The history of the rugged landscape of Far West Texas is inscribed in its passageways. The largest city, El Paso, gets its name from the historic Spanish mission, El Paso del Norte. It was the point marking passage from South to North, while the Rio Grande River cuts up from there through the mountains, marking a transition from East to West. For the new Federal Courthouse on the edge of downtown El Paso, architecture firm Antoine Predock drew inspiration from this rich history and the surrounding natural beauty. A grand “passageway” leads from downtown through the building’s two main structures, with views of the impressive Franklin peaks in the distance.
All throughout their design, the architects at Antoine Predock worked to reference both the geology and history of the area by working with its natural colors, textures, and materials. One structure of the building’s two main pieces is made of copper, in reference to a local smelter, and the other is crafted out of Texas limestone. In order to achieve this specific aesthetic while maintaining the practical features necessary for a hot desert climate, Antoine Predock architects turned to a Fabricoil™ architectural coiled wire fabric system, which utilizes an innovative metal fabric that offers exciting new potential to designers.
“One of the primary materials in the building is copper, so the Fabricoil system allowed us to use that material to shade the large expanses of glass near the building entry,” says Paul Fehlau, executive senior associate at Antoine Predock. For Predock’s designers, the Fabricoil system wasn’t just a practical solution; the material also opened up fascinating design possibilities and added a new element to the building, “The coil creates a dappled light pattern on the building's surfaces that allows users to observe the passage of time through changes in the shadow pattern,” says Felhau, giving the building its desired look and a dynamic feature. “The Fabricoil system allowed us to accomplish all of these goals with a material that fit into the building's material palette.”
Fabricoil systems, made by Cascade Coil Drapery, Inc., utilize a formable coiled wire fabric created specifically to help architects and designers overcome obstacles or add flair to any space. Available in an array of metals, colors and gauges, with a wide number of engineered attachment systems, Fabricoil systems are easy to customize for any imaginable application. They have practical functions such as shading large areas, protecting from falls, and ventilating, but can also simply add texture, divide spaces, or bring the perfect finishing touch to a room. Made in the USA, Fabricoil’s quality and price point provides value unmatched by traditional woven metal mesh with which it is often compared. This makes Fabricoil an elegant design solution for both interiors and exteriors for projects with even modest budgets.
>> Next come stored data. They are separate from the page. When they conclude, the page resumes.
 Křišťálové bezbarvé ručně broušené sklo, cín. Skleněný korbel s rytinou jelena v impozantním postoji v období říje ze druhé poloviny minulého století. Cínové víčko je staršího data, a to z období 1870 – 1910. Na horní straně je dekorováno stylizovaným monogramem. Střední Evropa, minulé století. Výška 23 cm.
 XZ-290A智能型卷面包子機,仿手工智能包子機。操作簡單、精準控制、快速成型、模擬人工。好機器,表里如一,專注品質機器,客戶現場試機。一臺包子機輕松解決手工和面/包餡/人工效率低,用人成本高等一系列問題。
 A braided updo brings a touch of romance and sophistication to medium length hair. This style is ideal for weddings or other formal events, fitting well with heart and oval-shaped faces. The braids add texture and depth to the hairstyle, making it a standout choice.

For Antoine Predock’s team, affordability made the Fabricoil system a great choice, but the real advantage came from its simplicity and flexibility. With numerous options for material, gauge, color, finish, panel thickness, and more, it can be tailored to suit any vision. This means that the Fabricoil system works seamlessly with multiple styles, making it adaptable for a variety of different structures. “It is not as rigid as other metal meshes and it’s simpler with less obvious detail,” Fehlau says.
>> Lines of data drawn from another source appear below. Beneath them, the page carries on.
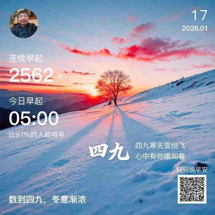 我的今日状态:😁轻松愉快 我这里的天气:☀️晴天 今日四九 朔风卷地入四九,寒日迟迟上小楼。 檐下冰棱凝玉骨,阶前残雪覆霜裘。 围炉漫煮陈年茶,对坐闲吟旧日愁。 莫道天寒春尚远,梅梢已蕴暗香流。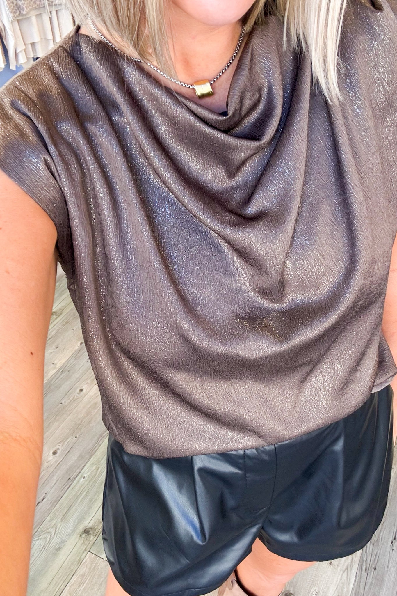 Effortless elegance meets fun with the Jenny Shimmer Top. This lightweight sleeveless wonder features a gorgeous gold shimmer that catches the light with every move. The rich brown base keeps things grounded while the shimmering details add just the right amount of sparkle to elevate your everyday look. Perfect for layering or wearing solo, it's your new go-to piece for looking polished without the fuss.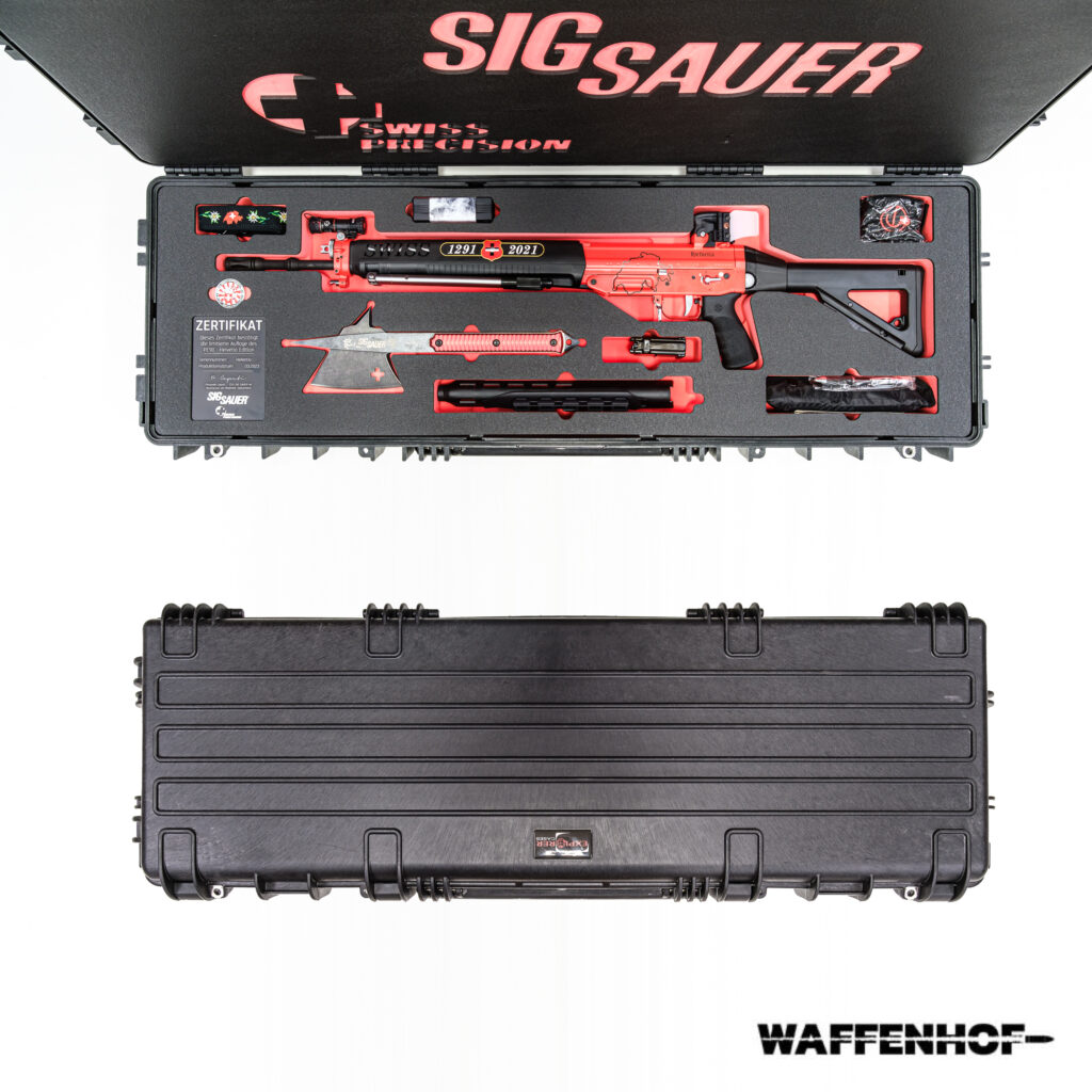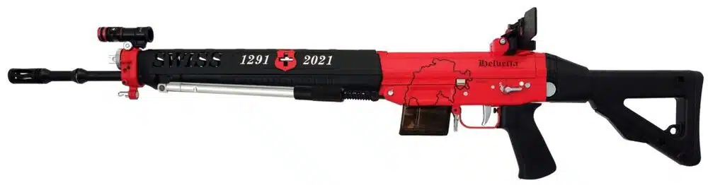 The rifle bears the dates 1291 and 2021. It was made to celebrate the 730th birthday of Switzerland. The handguard also says Swiss on it. There is a relief of Switzerland on the receiver, but it cuts off Geneva, a major Swiss city. The Rutli Oath is printed on the gun in German as well.

This malleability made it easy to incorporate Fabricoil systems into the specific vision for the El Paso courthouse, but it also means that it isn’t limited to the aesthetics of the desert. “Antoine's architecture emphasizes masses of material and simple form. Materials with a lot of small technical detail of their own can distract from the architecture. The Fabricoil system has a beautiful but simple surface that's very in keeping with Antoine's aesthetic intention.”
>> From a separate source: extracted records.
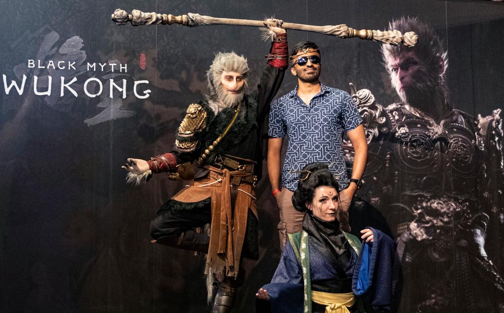 2024年8月,人们在2024年科隆国际游戏展《黑神话:悟空》拍照区拍照。新华社记者张帆 摄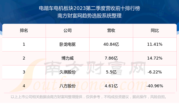 按照趋势选股系统统计,该股所属板块为电踏车电机板块,该板块共有4只股票,八方股份2023第二季度营收在该板块中排名为第4名,该板块2023第二季度营收排名前十的股票如下表: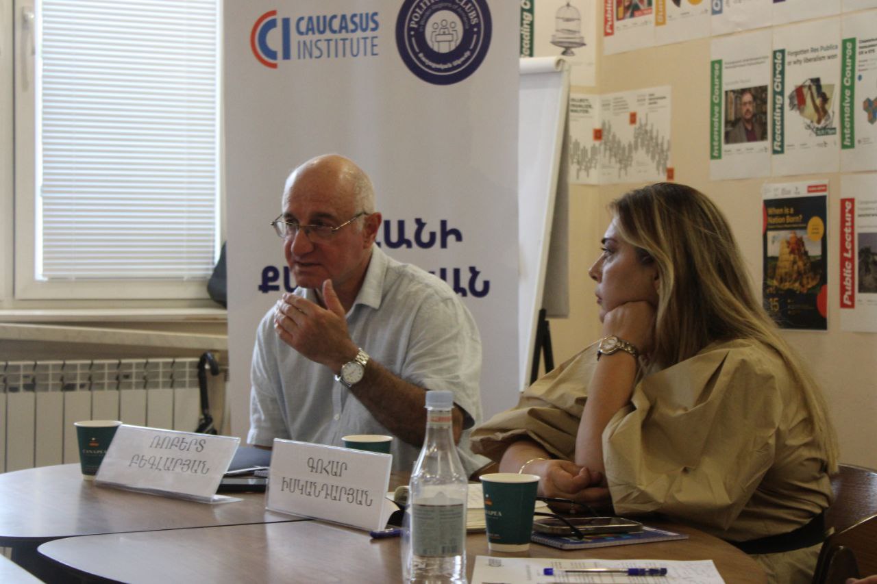 Սեպտեմբերի 11-ին Կովկասի ինստիտուտի հովանու ներքո տեղի ունեցավ Երևանի քաղաքական ակումբի յոթերորդ քննարկումը, որի շրջանակում բանախոսեցին՝ ՀՀ ԳԱԱ Արևելագիտության ինստիտուտի տնօրեն, պատմական գիտությունների թեկնածու, դոցենտ Գոհար Իսկանդարյանը և Իրանի խորհրդարանի նախկին պատգամավոր, ՀՀ ԳԱԱ արևելագիտության ինստիտուտի ասպիրանտ Ռոբերտ Բեգլարյանը: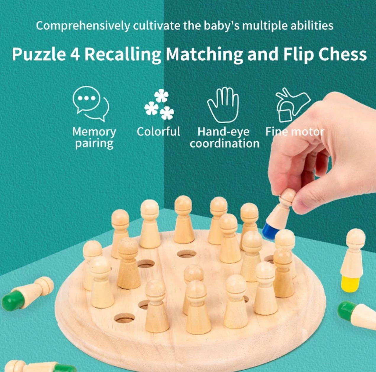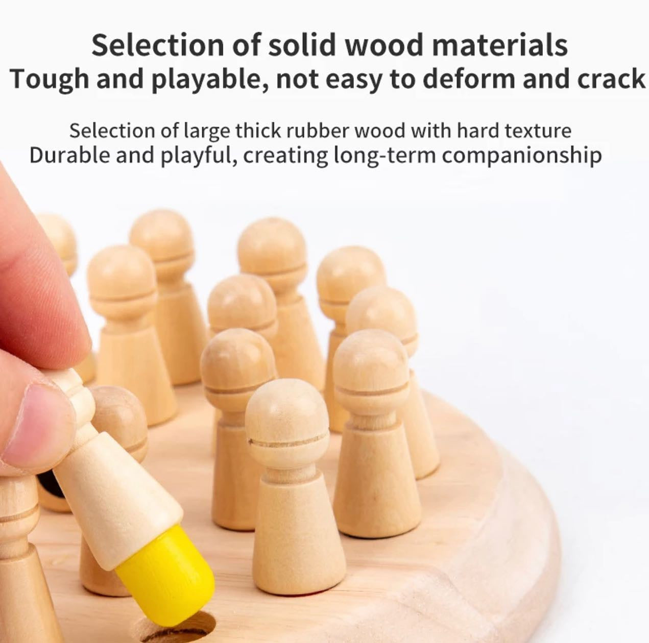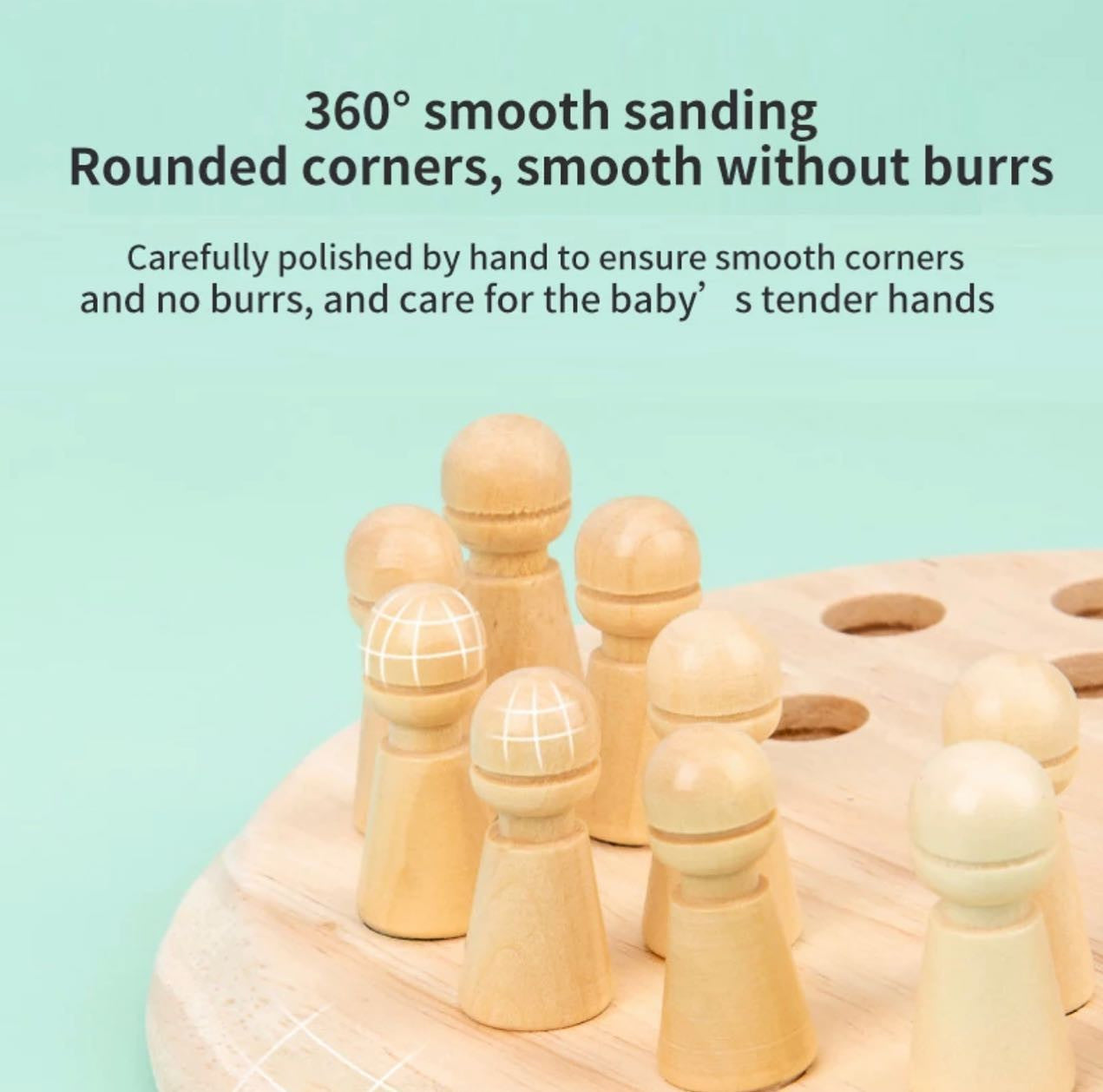 Memória sakk játékunkat a gyerekek motorikus készségeinek fejlesztésére tervezték. Biztonságos és nem mérgező faanyagból készült. A festett sima felületű réteg nem sérti fel gyermekének kezét

For unique ideas and visions like the ones that drove the design of the El Paso courthouse, architects can turn to Fabricoil systems for an inspired touch that they can’t get with traditional metal mesh. “It hangs like fabric and has a very distinctive three-dimensional aspect that you really cannot get with other woven meshes,” Fehlau says, “This allows you to suspend it from the top with a very simple detail and just let it drape, as compared to other meshes that need additional support to keep them in plane. There really isn't anything else like it.”